▸ Prompt
Could you please return each line of the data that has the word "Fičehaza"?

>>>

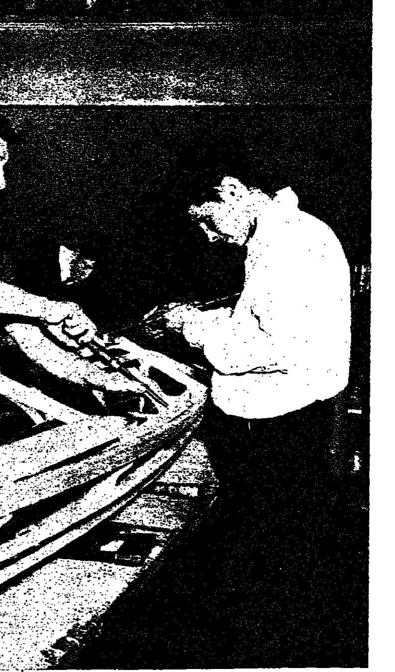
ثلاثة من أعضاء أحد نوادي الشباب في بريطانيا، يصفون قارباً لهم ليخروا به عساب اليم ..

ويوجه صحيح، أصبح من المشكلات التي يواجهها الشباب الممارسون في العالم أجمع، ولهذا كانت المبادئ الخاصة بالنشاط الداخلي من الأمور الأساسية، والبحث بناء لا يصعب على الأعضاء الوصول إليه سيرا على الدوام، شرط أن تكون فيه الإصابة والتفتتة مؤفران، وأن يسوده جو الزمالة الصحيحة، ومن أهم الأشياء أن تتاح الفرصة للأعضاء ليساهبوا في إعداد النادي وترتيبه، بل في بنائه أن أمكن، حتى يشعر كل واحد منهم بالانتماء والاعتزاز بعرضه واعتباره ملكا له. ومن لوازم ترسيخ هذا الاعتبار أن يدفع كل واحد مساهمة أسبوعية زهدا من المال. انتخاب اللجنة الإدارية للنادي وعلى أن افتتاح النادي يدمى الأعضاء لاقتراح أسماء زملاء لهم يعتقدون أنهم يصلحون لقيام بأعباء الإدارة الداخلية لمدة تراوح بين ستة وأثني عشر شهرا تجري بعدها انتخابات جديدة. ثم يختار الأعضاء العدد اللازم من المرشحين، ويمضي تم انتخاب اللجنة، ويجب أن تولى عليها المسؤولية الكاملة للإدارة الداخلية بما في ذلك السلوك العام المسوح به داخل البناء ووضع الأنظمة التي تراها ضرورية، وبرامج الألعاب والتسليقة خلال المساعمت التي ينتج فيها النادي، وتدريب البنات
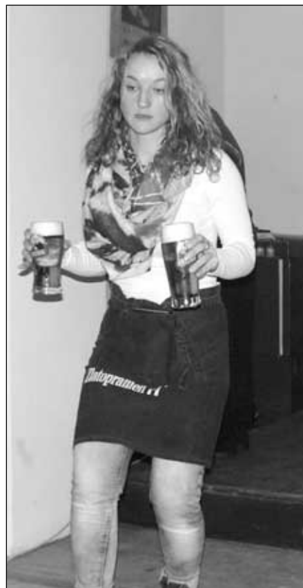
Naše nová hostinská
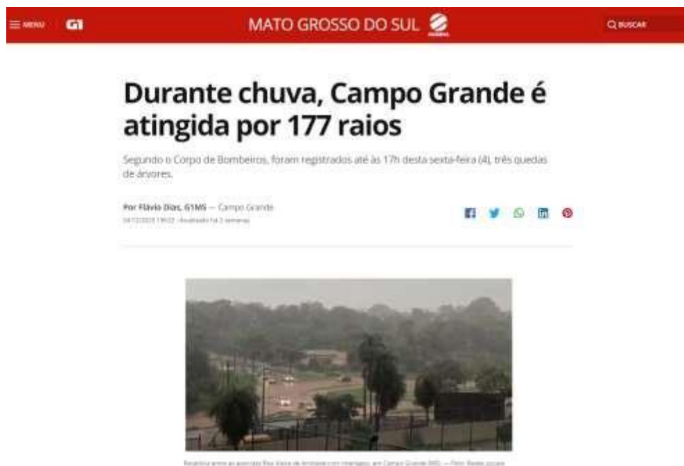
Figura 4 – Evidências de tempestades no período no estado do Mato Grosso do Sul [4, 5].
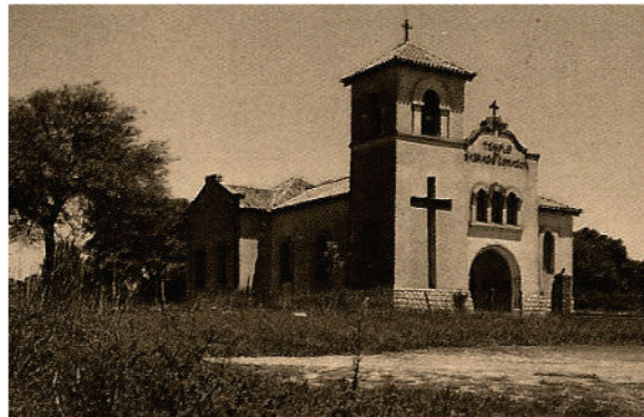
Vista actual de la Capilla Sagrado Corazón

Para explicar el por qué de la elección, algunos la basan en el valor como " símbolos de la religión de cada uno... "; otros como atractivos ya que " ... mucha gente viene a ellas " o porque " ... la iglesia es muy importante!!! Es lo que une a los católicos... " Algunos refieren: " ...Somos muy creyentes, todos los domingos vamos a misa, festejamos Pascua, y hacemos todo lo que pide la iglesia... "
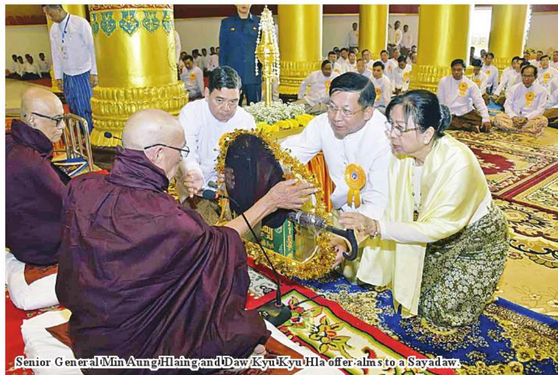
Senior General Min Aung Hlaing and Daw Kyu Kyu Hla offer alms to a Sayadaw.

oil light and gave instructions on the long-term existence of the image and beatifying tasks to officials.
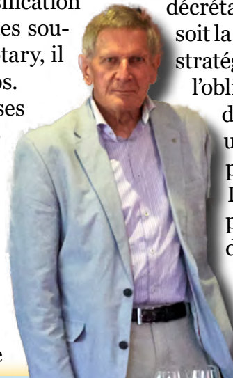
Conférence de reclassification:

lin, le meunier retenait de sa production la quote-part destinée au paysan et livrait cette farine au boulanger qu'il avait
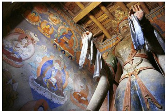
พระโพธิสัตว์ ภายในวัดอัลชี
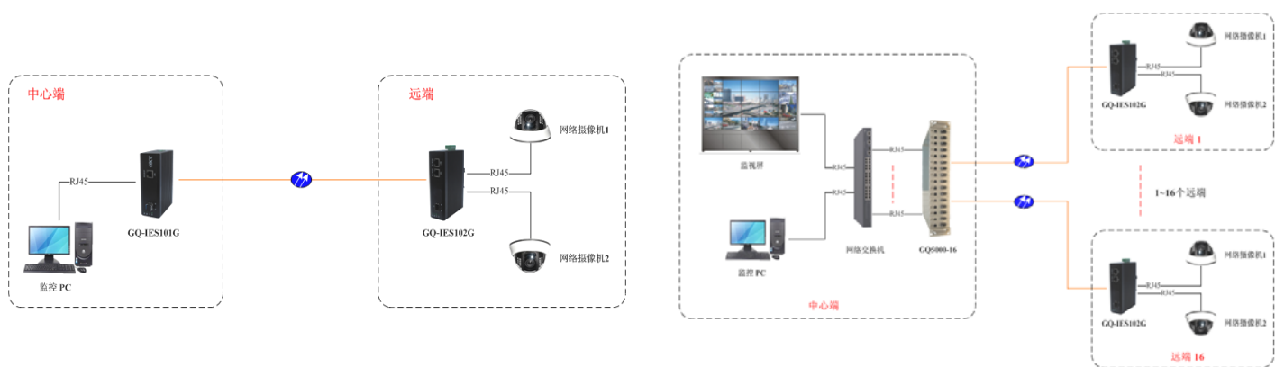
方案一: 点对点应用
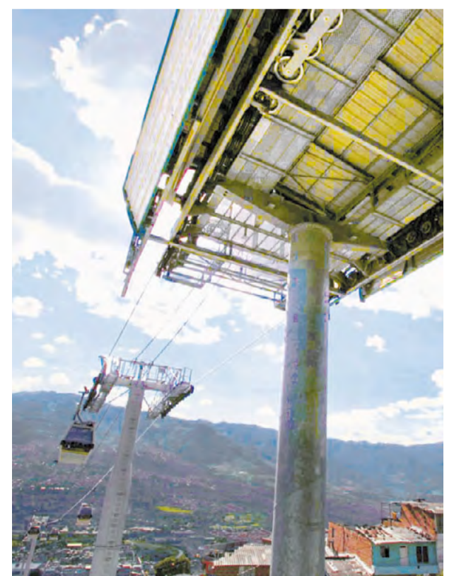
Los Metrocables han transformado la vida de sus vecinos al generar inclusión social.

"Los finalistas reflejan la creatividad y el ingenio impulsados por un movimiento global hacia las ciudades", publicó el WRI Ross Prize (Premios Ross del WRI), que serán entregados en Washington (EE.UU.) en abril del 2019. El ganador se llevará 250 mil dólares (unos 800 millones de pesos colombianos).
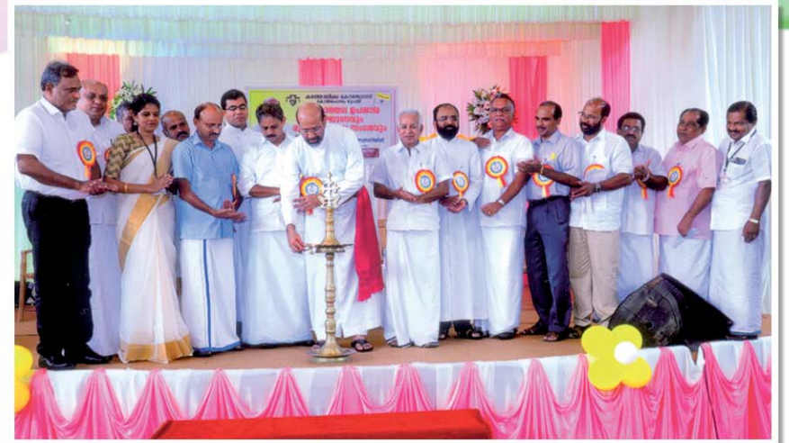
എ.കെ.സി.സി. ഉപശാഖ സംവിധാനം - സംസ്ഥാനതല ഉദ്ഘാടനം
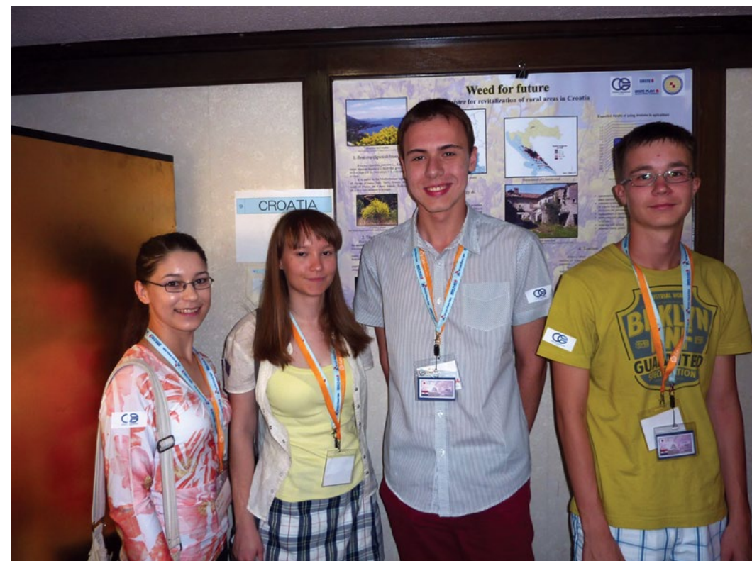
Sl. 5. Prezentacija postera hrvatskog tima

Kako bi se sve sudionike olimpijade upoznao sa znamenitostima i načinom života zemlje domaćina, organizatori su pripremili cjelodnevni izlet u okolici Kyota (sl. 6), a nekoliko
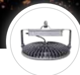
옵션 펜던트 타입
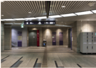
クリスタ長堀南 8 番出口
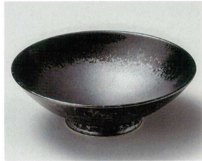
26-10-554 黒真珠8.0麵鉢 1,200円 24.5×7cm 02610554
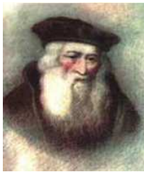
(Jakob ben Ascher [ca. 1269 in Köln – ca. 1343 in Toledo, s.u.]

Insbesondere darf ein jüdischer Arzt nichtjüdische Patienten nicht behandeln . MAIMONIDES 7 – selbst ein berühmter Arzt – drückt sich hier sehr deutlich aus; in einer anderen Textpassage 8 wiederholt er den Unterschied zwischen „deinem Nächsten“ und einem NichtJuden und kommt zu der Schlußfolgerung: „und hieraus lernt ihr, daß es verboten ist, einen NichtJuden sogar gegen Bezahlung zu heilen ...“
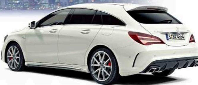
ボディカラー=カルサイトホワイト
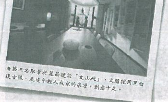
會銅牌：第三名取景於星島建設「文山莊」，大膽採用黑白鏡古風，表達年輕人成長的浪漫，創意十足。
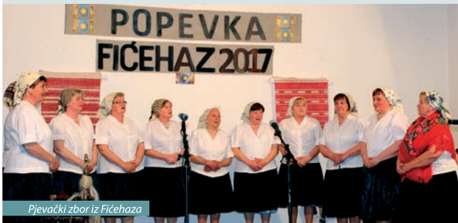
Pjevački zbor iz Fičehaza

Pošto su u Donjem Kraljevcu i Štrigovi održane predsmotre 33. Međimurske popevke, stigao je red i na Pomurje. Bila je to sedma predsmotra u pomurskoj regiji, 25. ožujka u Fičehazu, u organizaciji Društva Horvata kre Mure, KUD-a Sumarton, Udruženja hrvatskih pomurskih samouprava i nedelišćanskog KUU-a Seljačka sloga. Ovogodišnji je odaziv bio slabiji na odnosu na prošle godine, predstavilo se osam izvođača iz Fičehaza, Kerestura, Mlinaraca, Petribe, Serdahela i Sumartona. S predsmotre će biti izabrani najbolji izvođači koji će nastupiti na središnjoj smotri 10. lipnja 2017. u Nedelišču. Pomursku su priredbu i ove godine uveličali svojom nazočnošću dr. sc. Gordan Grlić Radman, veleposlanik Republike Hrvatske u Budimpešti i njegova supruga, te predstavnici raznih organizacija iz Međimurja i Pomurja.
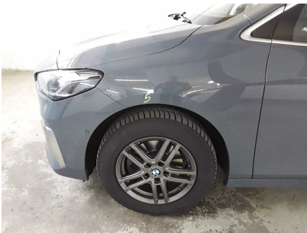
Illustration 15: Divers
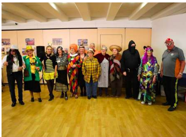
Thé dansant de carnaval
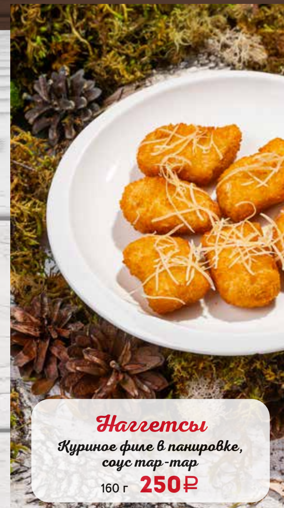
Наггетсы Куриное филе в панировке, соус тар-тар 160 г 250₽
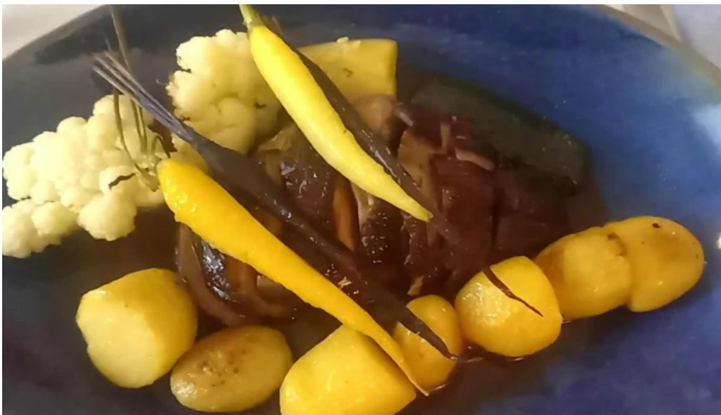
Beim charel wei do ukommen

<<<

▸ Exercise response
Pjevački zbor iz Fičehaza
Pošto su u Donjem Kraljevcu i Štrigovi održane predsmotre 33. Međimurske popevke, stigao je red i na Pomurje. Bila je to sedma predsmotra u pomurskoj regiji, 25. ožujka u Fičehazu, u organizaciji Društva Horvata kre Mure, KUD-a Sumarton, Udruženja hrvatskih pomurskih samouprava i nedelišćanskog KUU-a Seljačka sloga. Ovogodišnji je odaziv bio slabiji na odnosu na prošle godine, predstavilo se osam izvođača iz Fičehaza, Kerestura, Mlinaraca, Petribe, Serdahela i Sumartona. S predsmotre će biti izabrani najbolji izvođači koji će nastupiti na središnjoj smotri 10. lipnja 2017. u Nedelišču. Pomursku su priredbu i ove godine uveličali svojom nazočnošću dr. sc. Gordan Grlić Radman, veleposlanik Republike Hrvatske u Budimpešti i njegova supruga, te predstavnici raznih organizacija iz Međimurja i Pomurja.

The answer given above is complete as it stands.